Evaluating the effectiveness of modern Anti VEGF therapies in a regional Australian hospital

Modern anti–vascular endothelial growth factor (VEGF) agents, including aflibercept 8 mg (Eylea HD) and Faricimab (Vabysmo), have shown promise in extending treatment intervals while maintaining or improving visual acuity in chronic retinal diseases such as neovascular age-related macular degeneration (nAMD), diabetic macular oedema (DMO), and central serous chorioretinopathy (CSCR). These newer therapies aim to reduce the treatment burden associated with frequent intravitreal injections. However, real-world data, especially from regional Australian clinical settings, remain limited, despite potential differences in patient demographics, healthcare access, and adherence compared to controlled clinical trials. This retrospective audit evaluated clinical outcomes of patients transitioned from first- generation anti-VEGF agents (ranibizumab or aflibercept 2 mg) to modern agents (aflibercept 8 mg or Faricimab) at a regional hospital over a 12-month period (September 2024 to September 2025). Patients were eligible if they had a diagnosis of nAMD, DMO, or CSCR; had previously received intravitreal injections of a first-generation anti-VEGF agent; and were subsequently switched to aflibercept 8 mg or Faricimab.

Additionally, inclusion required that patients had received at least three consecutive injections of the modernagent to ensure adequate exposure and undergone at least one post-switch clinical review documenting best corrected visual acuity (BCVA). There were no restrictions on patient ageor sex to reflect real-world diversity.

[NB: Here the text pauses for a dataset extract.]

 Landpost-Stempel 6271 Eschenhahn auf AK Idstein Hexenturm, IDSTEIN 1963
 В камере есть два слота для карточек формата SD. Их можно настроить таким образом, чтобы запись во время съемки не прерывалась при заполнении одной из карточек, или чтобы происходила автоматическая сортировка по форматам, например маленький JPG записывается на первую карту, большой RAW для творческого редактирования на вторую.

Data collected included demographics, diagnosis, treatment intervals before and after switching, BCVA, agent used, and rationale for switching, categorised as quiescent disease aimed at interval extension or persistent active disease.

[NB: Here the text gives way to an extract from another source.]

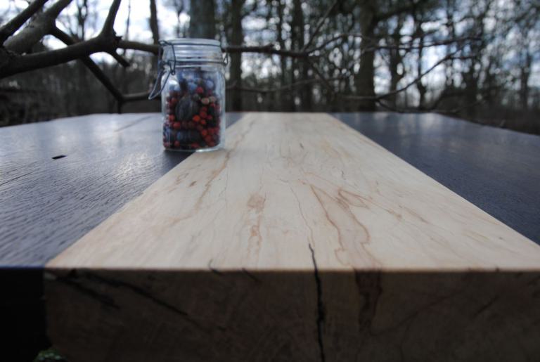 Mesa de comedor de auténtico roble de los pantanos del año 971 a.C. (edad exacta comprobada por peritaje dendrocronológico). Pieza central de álamo.
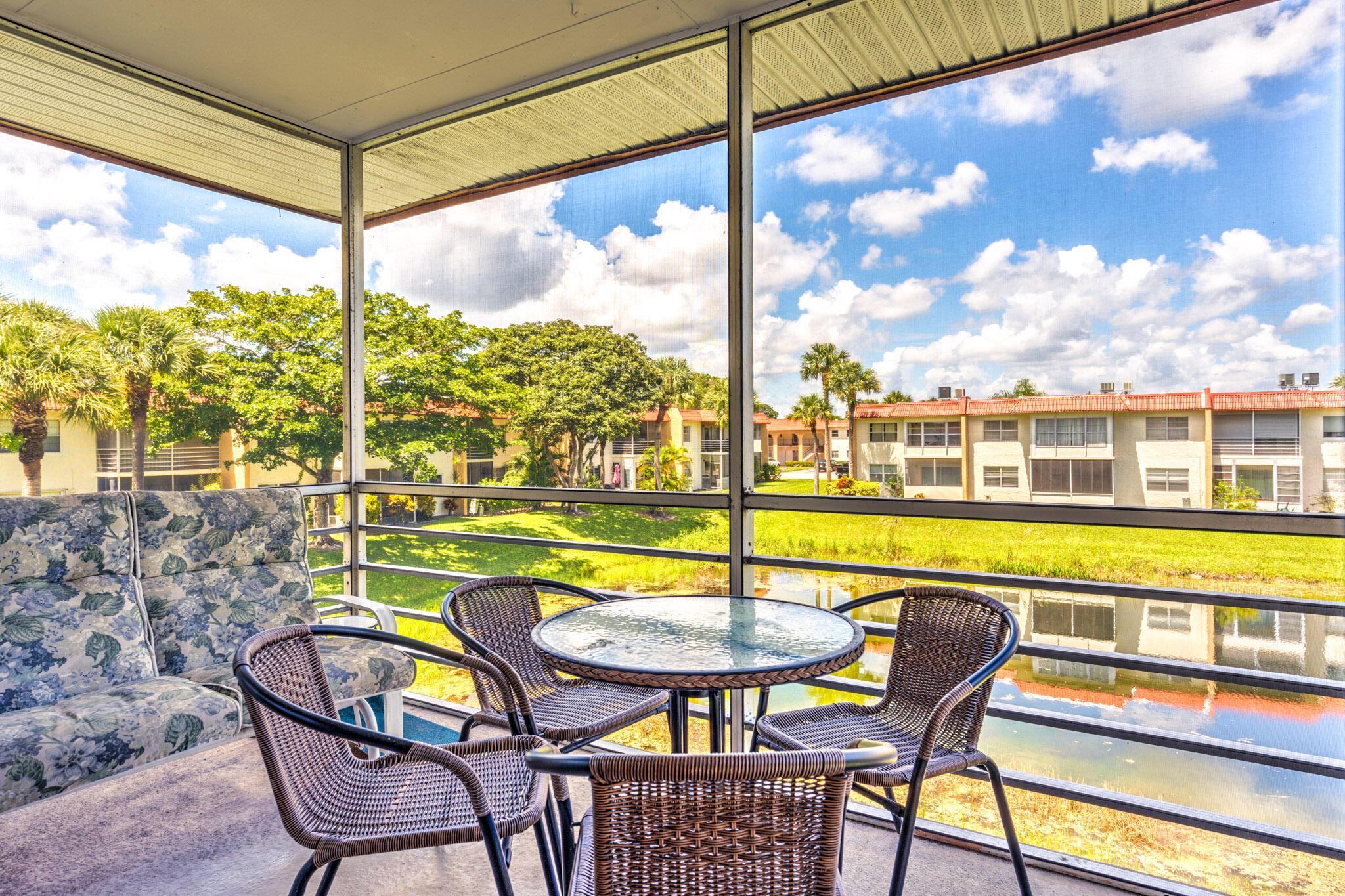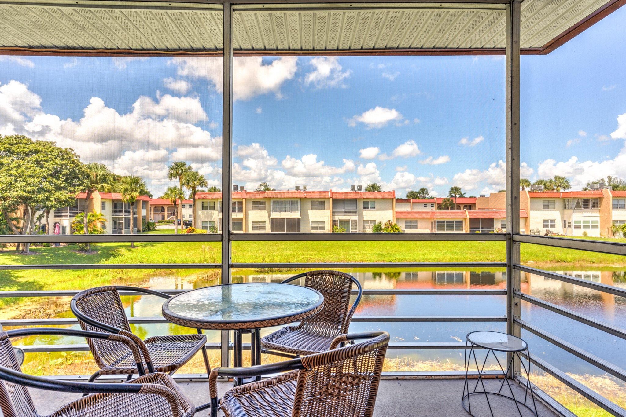 Move-in ready, fully furnished, just bring your toothbrush! 2bed/2bath top-floor condo with a lake view from each room. Very light and bright condo. Spacious primary bedroom and walk-in closet. Private washer and dryer inside the unit. Located in an active 55+ guard-gated community. Low HOA fee ($470/month) includes: cable & internet, water, building insurance, lawn care, pest control, 24h guard gate, several pools, billiard, courtesy bus and so much more. Easy to show, call for details today!

Among 206 patients (105 receiving aflibercept 8 mg and 101 receiving Faricimab), 73% of those in the aflibercept group were switched due to recurrent disease activity, while 27% were switched during periods of quiescence with the goal of extending treatment intervals. Overall, 51% of patients in this group achieved an extension of their treatment intervals, with an average increase of 10 days. Notably, among those who experienced interval extension, 86% maintained or improved their visual acuity at their follow-up after switching. In the Faricimab cohort, 61% of patients were switched due to recurrent activity, and 39% during quiescence. Here, 65% of patients successfully extended their treatment intervals, with an average increase of 16 days between injections. Among patients who achieved interval extension, 78% maintained or improved their visual acuity at the post-switch review. In patients who did not achieve interval extension, 87% in the aflibercept group and 68% in the Faricimab group were switched due to active disease.

These findings demonstrate that in a regional Australian clinical setting, switching to modern anti-VEGF agents can effectively extend treatment intervals and preserve visual outcomes, particularly in patients with quiescent disease. This real-world evidence supports the use of aflibercept 8 mg and Faricimab to reduce treatment burden while maintaining efficacy outside the controlled environment of clinical trials. Further prospective studies are warranted to optimize treatment protocols and improve long-term patient outcomes in diverse populations.